Segment Open

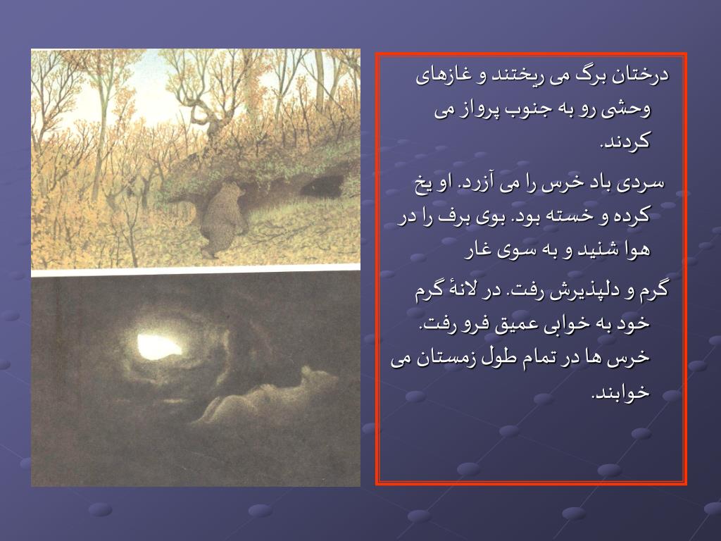 درختان برگ می ريختند و غازهای وحشی رو به جنوب پرواز می کردند. سردی باد خرس را می آزرد. او يخ کرده و خسته بود. بوی برف را در هوا شنيد و به سوی غار گرم و دلپذيرش رفت. در لانهٔ گرم خود به خوابی عميق فرو رفت. خرس ها در تمام طول زمستان می خوابند.
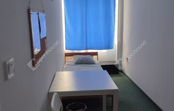 Első emelet: 34 db fél szoba, melyek egy ágyasak, 9 db nagy szoba, szobánként 2 ágyasak. 2 db konyha, összesen 12 wc, 11 db tusoló fülke, és 3 db piszoár áll a lakók szolgálatában.
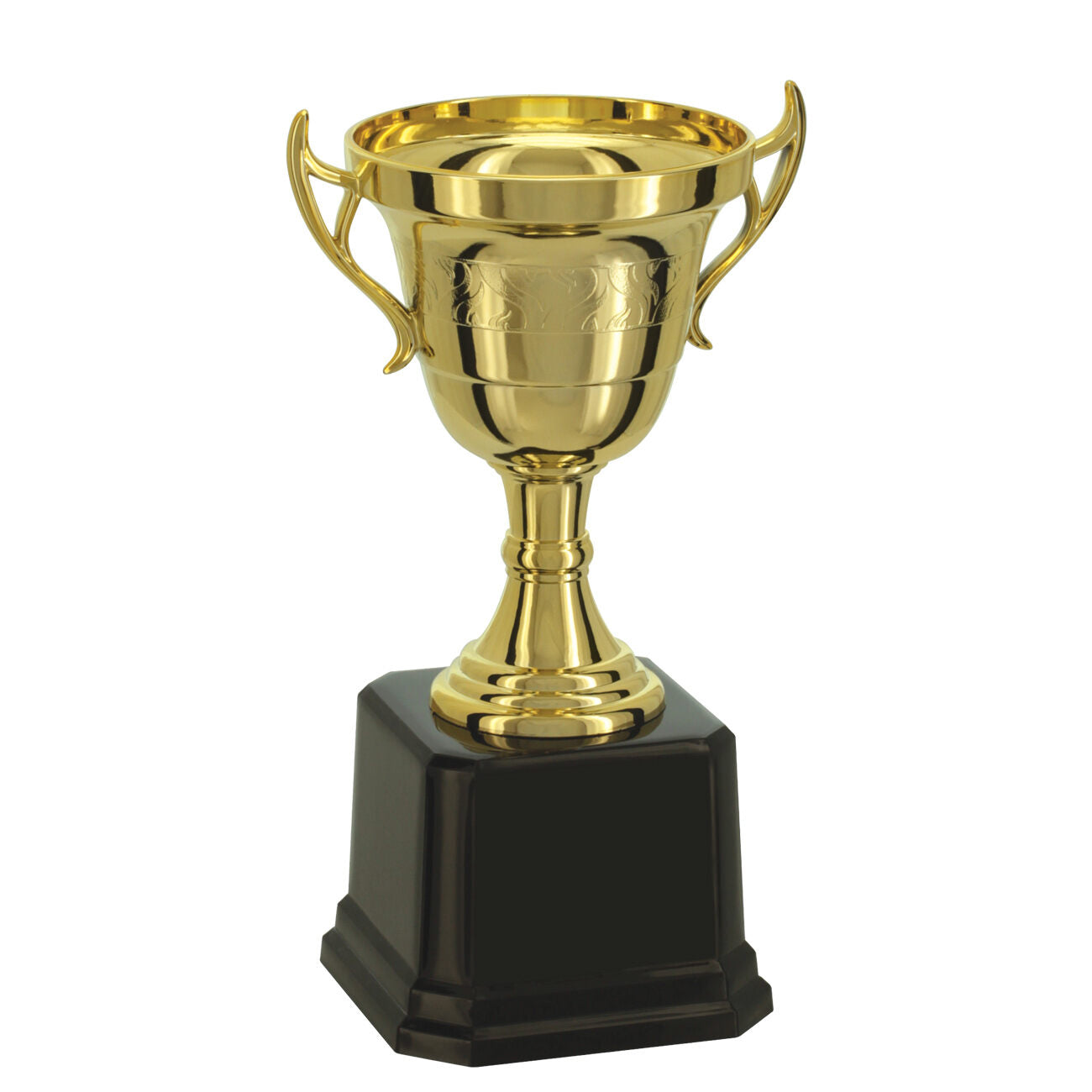 Troféu em polímero metalizado a alto vácuo medidas: altura – 18 cm. Largura superior – 10,50 cm. Largura inferior –7,80 cm. Altura da base- 5,70 cm. Peso aproximado – 250 grcores – dourado, preto cores alternativas: cone, taça com alças nas cores dourado ou prata. composição: componentes fabricados em polímero: base oitavada, cone, taça com alças e pintura interna. outros componentes: ferragens para fixação

Segment Closed

### What to produce
Please restate the whole listing exactly, without any of its pictures.

### Answer to this exercise
 درختان برگ می ريختند و غازهای وحشی رو به جنوب پرواز می کردند. سردی باد خرس را می آزرد. او يخ کرده و خسته بود. بوی برف را در هوا شنيد و به سوی غار گرم و دلپذيرش رفت. در لانهٔ گرم خود به خوابی عميق فرو رفت. خرس ها در تمام طول زمستان می خوابند.
 Első emelet: 34 db fél szoba, melyek egy ágyasak, 9 db nagy szoba, szobánként 2 ágyasak. 2 db konyha, összesen 12 wc, 11 db tusoló fülke, és 3 db piszoár áll a lakók szolgálatában.
 Troféu em polímero metalizado a alto vácuo medidas: altura – 18 cm. Largura superior – 10,50 cm. Largura inferior –7,80 cm. Altura da base- 5,70 cm. Peso aproximado – 250 grcores – dourado, preto cores alternativas: cone, taça com alças nas cores dourado ou prata. composição: componentes fabricados em polímero: base oitavada, cone, taça com alças e pintura interna. outros componentes: ferragens para fixação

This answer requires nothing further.